Genome assembly and gene finding results, as well as NCBI WGS accession identifiers, are presented in Table 1; contig-specific results are shown in Additional File 5. The geographic origins of the isolates, their STs, accession identifiers of their flagellin sequences, putative serovars, and pesticidal protein profiles are summarized in Table 2.

Table 1 Genome assembly descriptive statistics and overall predicted protein coding gene counts
Table 2 Isolate information. Sample location, multilocus sequence type, GenBank accession numbers of predicted flagellar proteins, predicted classical serovar, and predicted pesticidal proteins

The fourteen isolates were found to represent seven distinct B. cereus STs; ST 8, ST 10, ST 16, ST 171, ST 239, ST 240, and ST 550. The PubMLST database includes a list of all isolates that have been reported to share a given ST. For each of the STs listed above, the database included a single serovar type strain of a classical Bt serovar, including Bt kurstaki HD1 (ST 8), Bt thuringiensis BGSC 4A3 (ST 10), Bt israelensis BGSC 4Q1 (ST 16), Bt finitimus BGSC 4B2 (ST 171), Bt entomocidus BGSC 4I4 (ST 239), Bt toumanoffi BGSC 4N1 (ST 240), and Bt pakistani BGSC 4P1 (ST 550). Historically, antisera for Bt serotyping were developed against flagellar preparations, with specificity of these antisera presumably reflecting the high variability of flagellin proteins among Bt varieties. In the current study, the predicted flagellin sequences for all fourteen isolates perfectly matched those of the Bt serovar type strain corresponding to their ST in both number of proteins and sequence identity of those proteins (Table 2). Note that the number of flagellin proteins among serotype strains cited here ranged from one to four, and no single flagellin sequence was shared among different serotype strains. While it is not possible to say that an isolate belongs to a particular serovar without actually performing the serological test, it seems exceedingly likely that these isolates represent the predicted serovars.

Prior studies have demonstrated that a given serovar can exhibit variations in pesticidal protein profiles. Bacillus thuringiensis kurstaki HD-1 and HD-73, both ST 8, have different Cry protein profiles and plasmids [14, 15], and it is known that Bt morrisoni and tenebrionis are the same serotype, but with very different Cry profiles [16]. In this study we found a high degree of correlation between predicted pesticidal protein profile and ST or predicted serovar, despite the geographic diversity represented among the isolates (Table 2).

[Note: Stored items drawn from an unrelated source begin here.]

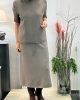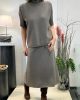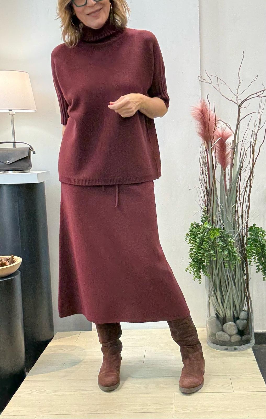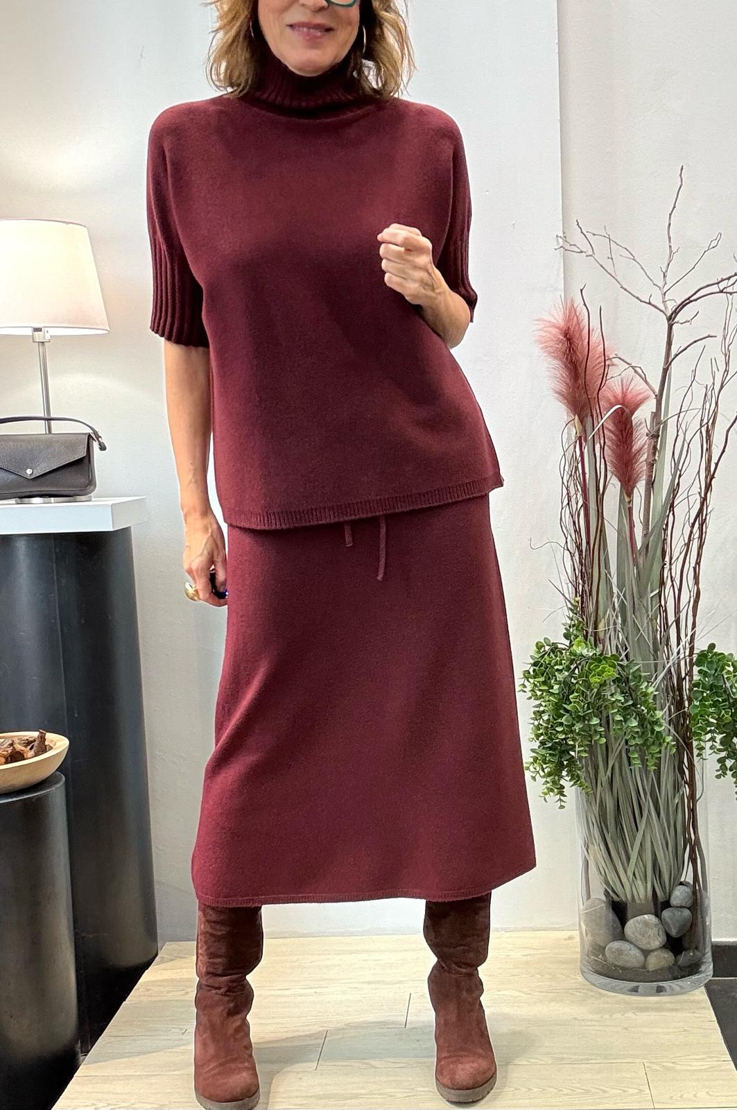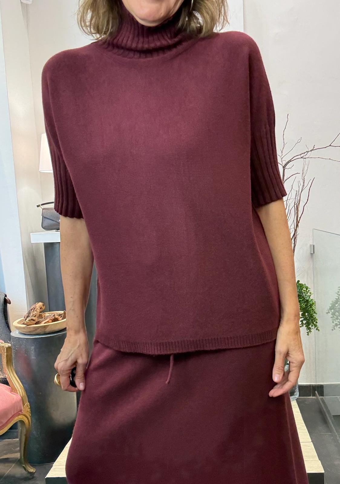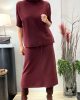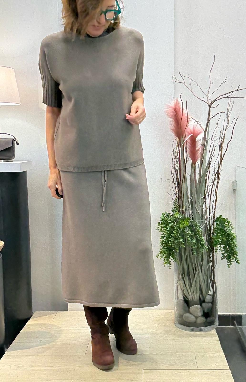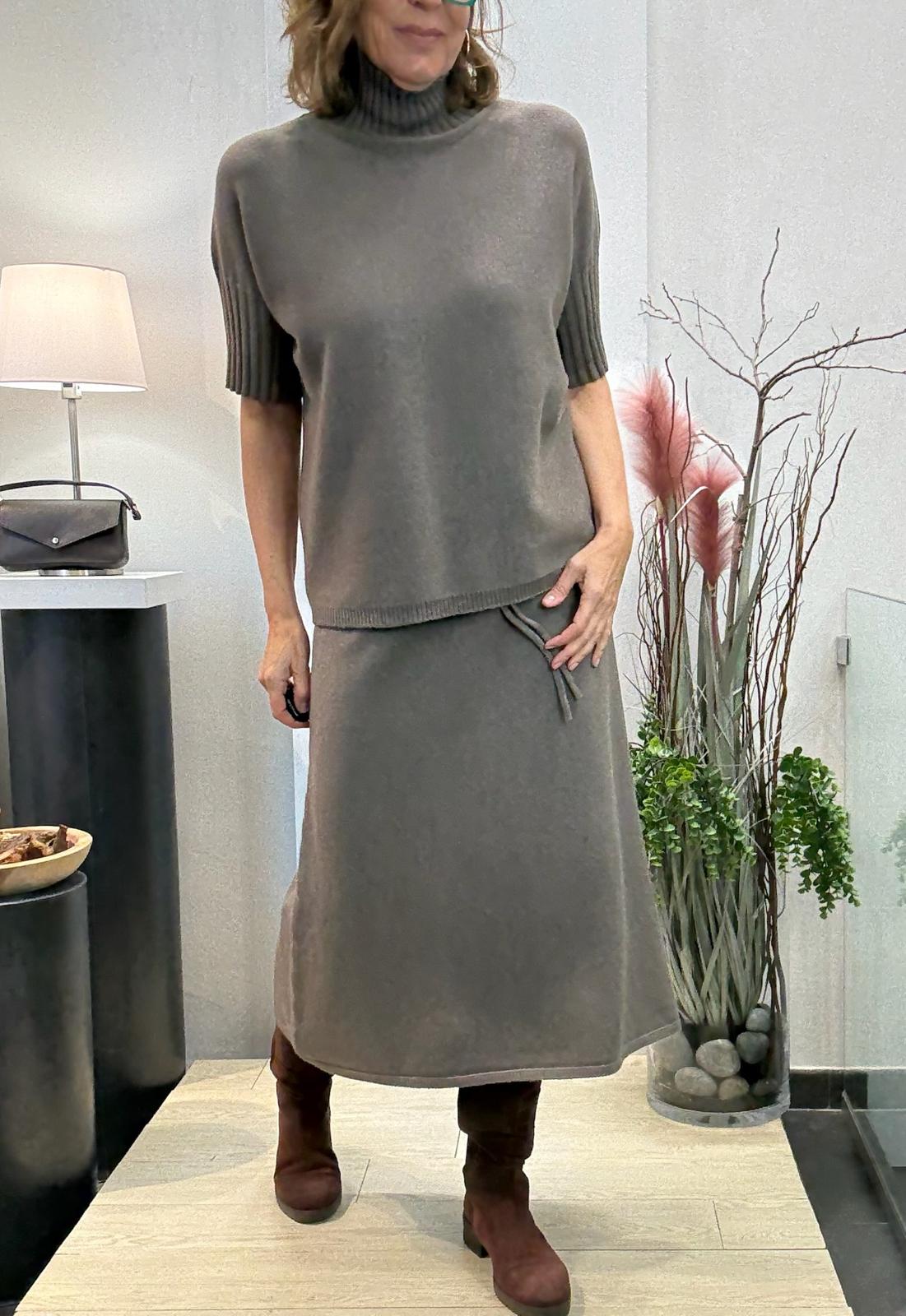 Conjunto de punto de grosor medio con jersey cuello perkins y manga corta.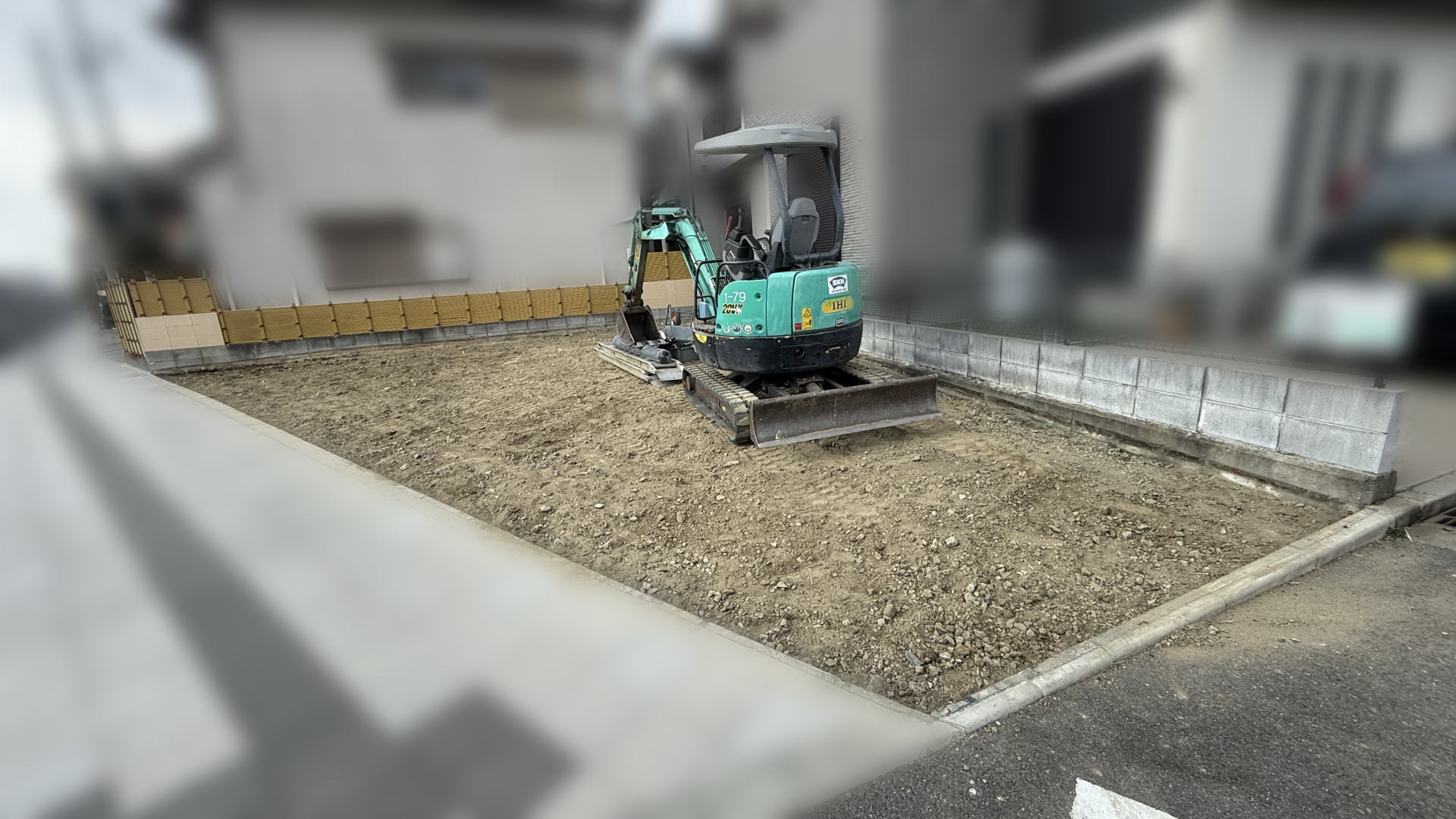 砕石を敷いて均し、周囲にトラロープを張って工事が完了しました。
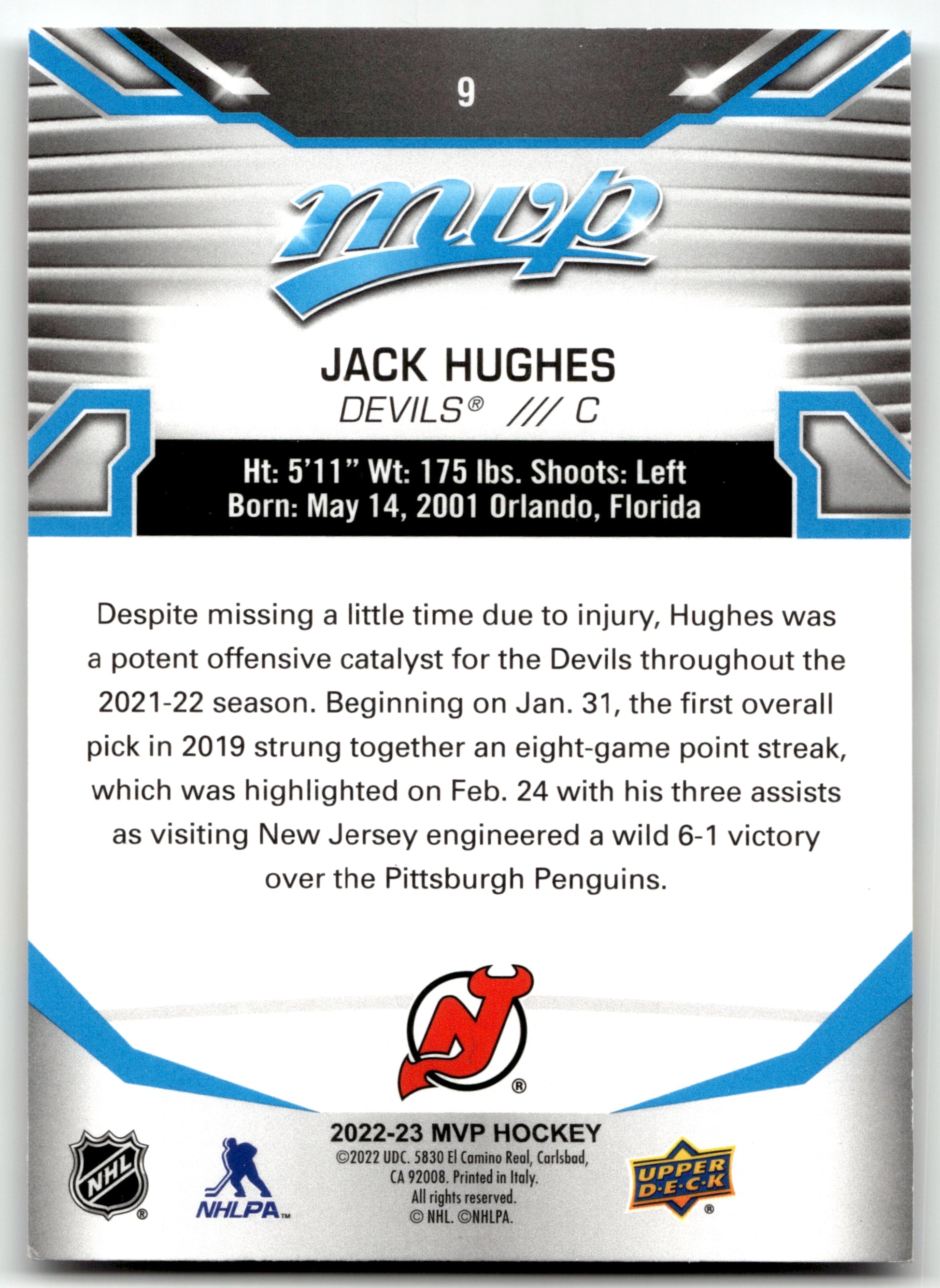 Card: Jack Hughes Team: New Jersey Devils Card No: #9 Set: 2022-23 Upper Deck MVP Year: 2022 Brand: Upper Deck Location: Assorted 001 001 001 C

Thus, IBL00090, IBL00171, and IBL02897, representing Bt toumanoffi, had extensive complements of identical pesticidal proteins encoded on contigs of nearly identical size, despite originating from Wyoming, Wisconsin, and Vietnam. Similar results were observed for IBL00055, IBL00144, and IBL00210 representing Bt pakistani from Wyoming, Florida, and Maryland respectively. The four apparent Bt kurstaki isolates were also found to have identical assortments of pesticidal proteins, although the size of the contigs on which they were encoded varied more than was observed for the Bt pakistani or toumanoffi isolates.

While these results might have been expected for Bt kurstaki, which has been spread around the world as a bioinsecticide, it was somewhat surprising for Bt pakistani and toumanoffi, which are presumably not widely dispersed by human activity. We did find that IBL00971, an apparent Bt finitimus, lacks a plasmid previously reported for Bt finitimus YBT-020 that encodes an additional copy of Cry26Aa [17], however the toxin profiles of these isolates were nevertheless identical.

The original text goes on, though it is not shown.